無駄に生きるとはどういうことか

うちの一族はがんで死ななければ94まで生きると、叔父の葬儀の日に叔母にいわれた。聞いてみると確かにわしの親父他何人も94で死んでいる。そこでわしも94の誕生日に死ぬと決めて、それまでの日数をあと何日と逆算し、切りのいい64で仕事も辞め、死への準備にかかった。その日々をブログに書いている。

あと10898日

 今日も快晴で最高27度という暑い日だが、ふと思い立ち、朝の掃除、祝詞奏上、太陽参拝終了後、9時くらいから庭の剪定、草抜きを始めた。涼しいうちにと思ったが、すでに日は高く、くそ暑いが自分を奮い立たせて立ち上がったのはいいが、さて、軍手はどこにあったかな、剪定ばさみは、ビニール袋は、という具合で、女房がいないとさっぱりわからないんだな。こんなことでは1人では生きていけんぞと、ねじを巻きなおして、あちこちごそごそと30分ほど探しまわり、やっとそろえたよ。
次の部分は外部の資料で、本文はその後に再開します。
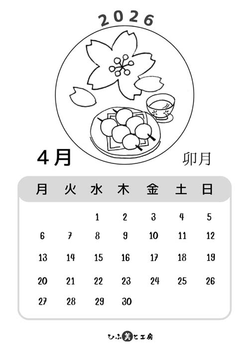 【2026年塗り絵カレンダー4月】無料ダウンロード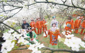 连日来,广西桂林灌阳县灌阳镇大仁村的万亩梨花绽放,当地的几支民间桂剧团队相聚梨园中,与花为伴,唱响春天。新华社发
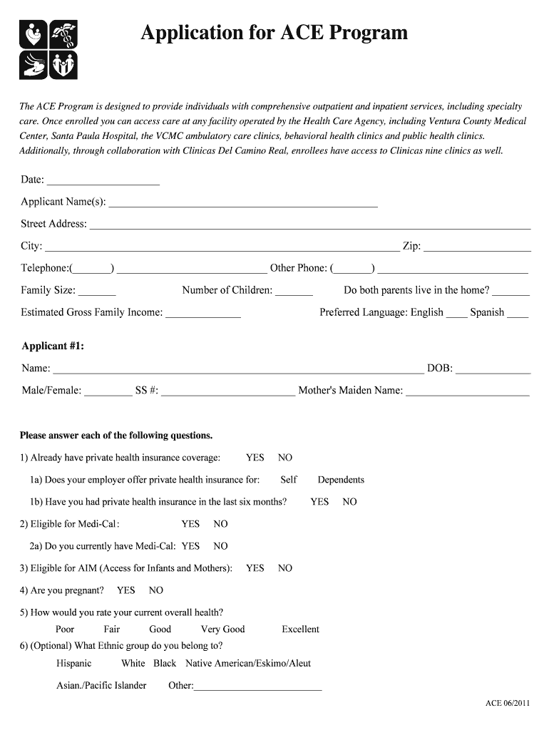 The ACE Program Application is a healthcare form used by individuals in California to enroll in the ACE Program, providing essential medical services.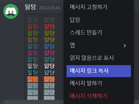 봇을 개발하지 않는 사람들에게도 ID는 유용합니다. 여러 정보를 알 수 있거든요. 예를 들어서 메시지 링크 복사를 통해 메시지 링크를 확인해보시면

 庭というのもおこがましいくらいの小さなもので、紅梅、白梅がメインになっていて、周囲にツツジや牡丹を植えている。親父は若いときは朝鮮の営林署で造林の仕事をしていた。今の北朝鮮の山の中で朝鮮人の人夫をつかって禿げ山に木を植えていたんだな。戦後は裸一貫で帰って来て、県の林務課に就職し、その後県の林業関係の業務を定年まで続けた。そんな関係で植木が趣味だったんだな。
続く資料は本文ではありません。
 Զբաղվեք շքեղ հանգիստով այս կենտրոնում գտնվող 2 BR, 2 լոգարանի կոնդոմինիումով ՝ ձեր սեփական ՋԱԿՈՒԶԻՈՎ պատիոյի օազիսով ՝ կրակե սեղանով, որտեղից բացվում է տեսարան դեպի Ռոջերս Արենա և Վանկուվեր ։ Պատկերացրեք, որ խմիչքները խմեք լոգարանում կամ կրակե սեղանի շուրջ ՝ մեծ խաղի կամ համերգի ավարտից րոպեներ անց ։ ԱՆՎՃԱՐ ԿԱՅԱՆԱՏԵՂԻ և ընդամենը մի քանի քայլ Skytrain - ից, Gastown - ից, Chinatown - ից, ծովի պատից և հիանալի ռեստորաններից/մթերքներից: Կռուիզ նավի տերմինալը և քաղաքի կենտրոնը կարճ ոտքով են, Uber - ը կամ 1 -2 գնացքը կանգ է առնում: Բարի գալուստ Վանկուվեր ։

 25年前に二所帯住宅に建て替えてわしら家族と一緒に住むようになったが、そのときに庭は必要不可欠ということで、わしなんかは駐車場にして、車2台置けるようにした方がいいと思ったが、そんなことを言うと思いっきりどやされたよ。それ以後ずっと庭いじりを楽しんで来たのだが、2005年におふくろが死んでからあまりやらなくなった。ときどき女房やわしが草を引いたり、長くのびすぎた枝を切ったりしていたが荒れてしまったな。

 5年ぐらい前にうつがひどくなり、女房も仕事があるし、家では看れなくなって施設にはいってもらうことになったんだが、じぶんも庭の手入れはあまりしてなかったのに、突然、梅の木は自分では切らず、専門業者にたのんで剪定するようにいいだしたんだな。梅の木のことは気になっていたようだった。

 わしは一応了解したが、親父には悪いがその後一度も業者に頼んだ事は無い。近所の立派な梅を参考にして切りまくっている。桜切る馬鹿梅切らぬ馬鹿というが、梅を切るのも難しいぞ。今朝も親父は怒っているかもしれんが、ビシビシ切らしてもらったよ。ほんとヘタクソだけどな。